# Assignment
Starting at the line with "2011年,三位浙大、清华背" and ending at the line with "Per inviare una", print exactly the lines of the entries below. Pictures do not belong in the copy.

Input for this task Block Start

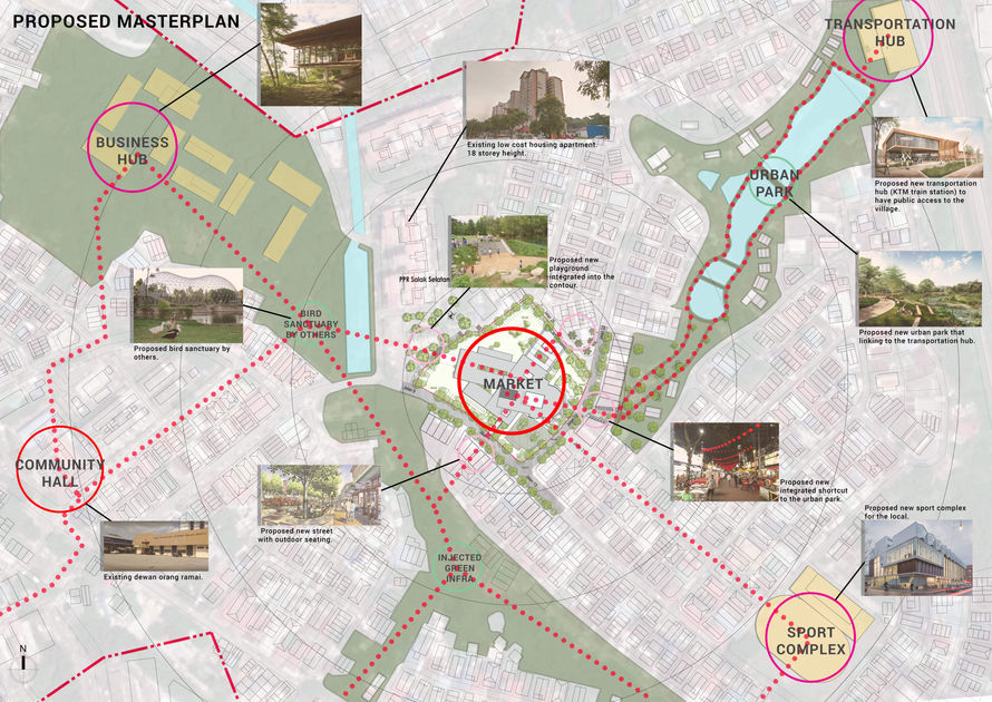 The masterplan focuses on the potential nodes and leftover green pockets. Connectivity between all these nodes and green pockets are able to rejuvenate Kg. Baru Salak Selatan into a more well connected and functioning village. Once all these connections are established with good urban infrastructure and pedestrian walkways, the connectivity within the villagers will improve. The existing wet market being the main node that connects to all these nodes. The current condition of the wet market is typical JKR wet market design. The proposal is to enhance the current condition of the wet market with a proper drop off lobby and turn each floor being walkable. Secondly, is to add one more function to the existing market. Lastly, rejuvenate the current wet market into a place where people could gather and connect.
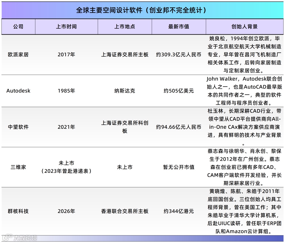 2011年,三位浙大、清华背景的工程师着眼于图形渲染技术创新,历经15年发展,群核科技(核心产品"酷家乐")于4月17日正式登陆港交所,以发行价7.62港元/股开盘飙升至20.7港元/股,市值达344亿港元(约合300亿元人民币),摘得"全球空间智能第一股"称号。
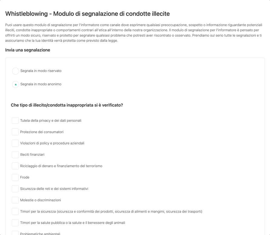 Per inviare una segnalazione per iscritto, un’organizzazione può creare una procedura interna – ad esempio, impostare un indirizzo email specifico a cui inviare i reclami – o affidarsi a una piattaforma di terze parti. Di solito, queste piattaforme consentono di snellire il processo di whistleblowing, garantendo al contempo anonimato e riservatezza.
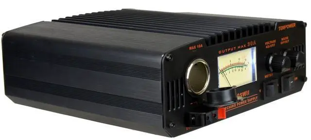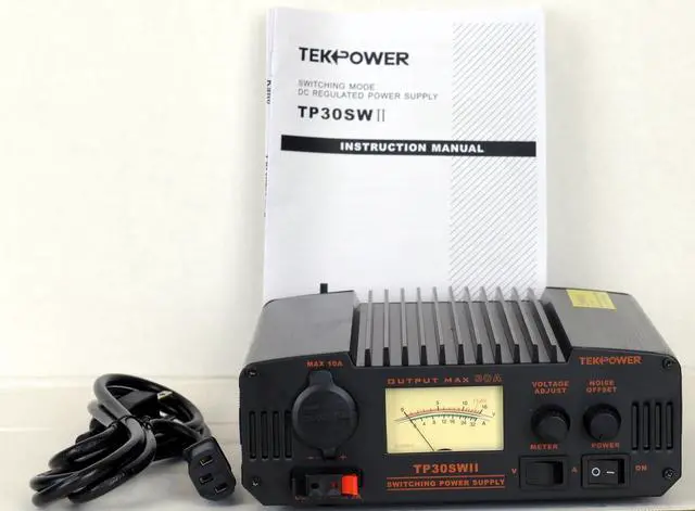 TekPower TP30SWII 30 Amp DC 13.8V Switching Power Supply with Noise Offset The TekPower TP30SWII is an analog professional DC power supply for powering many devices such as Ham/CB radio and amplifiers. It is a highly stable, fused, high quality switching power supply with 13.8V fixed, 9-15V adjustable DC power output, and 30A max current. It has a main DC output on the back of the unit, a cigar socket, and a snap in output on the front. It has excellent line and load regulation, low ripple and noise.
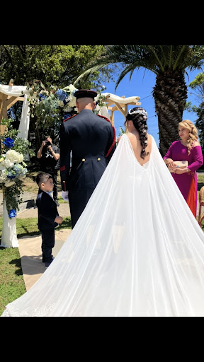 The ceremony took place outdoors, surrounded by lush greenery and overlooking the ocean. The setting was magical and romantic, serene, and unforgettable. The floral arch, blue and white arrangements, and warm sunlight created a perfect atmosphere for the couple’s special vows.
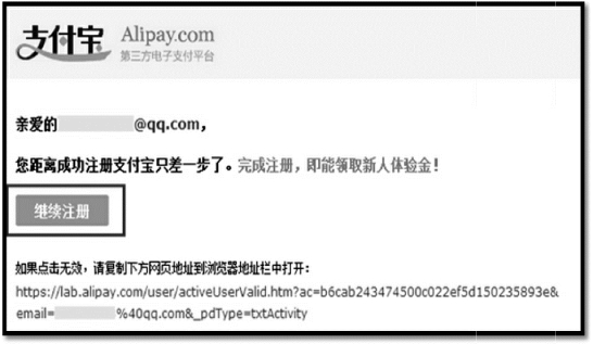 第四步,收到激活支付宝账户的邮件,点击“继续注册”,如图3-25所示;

Input for this task Block End

# Output for this exercise
 2011年,三位浙大、清华背景的工程师着眼于图形渲染技术创新,历经15年发展,群核科技(核心产品"酷家乐")于4月17日正式登陆港交所,以发行价7.62港元/股开盘飙升至20.7港元/股,市值达344亿港元(约合300亿元人民币),摘得"全球空间智能第一股"称号。
 Per inviare una segnalazione per iscritto, un’organizzazione può creare una procedura interna – ad esempio, impostare un indirizzo email specifico a cui inviare i reclami – o affidarsi a una piattaforma di terze parti. Di solito, queste piattaforme consentono di snellire il processo di whistleblowing, garantendo al contempo anonimato e riservatezza.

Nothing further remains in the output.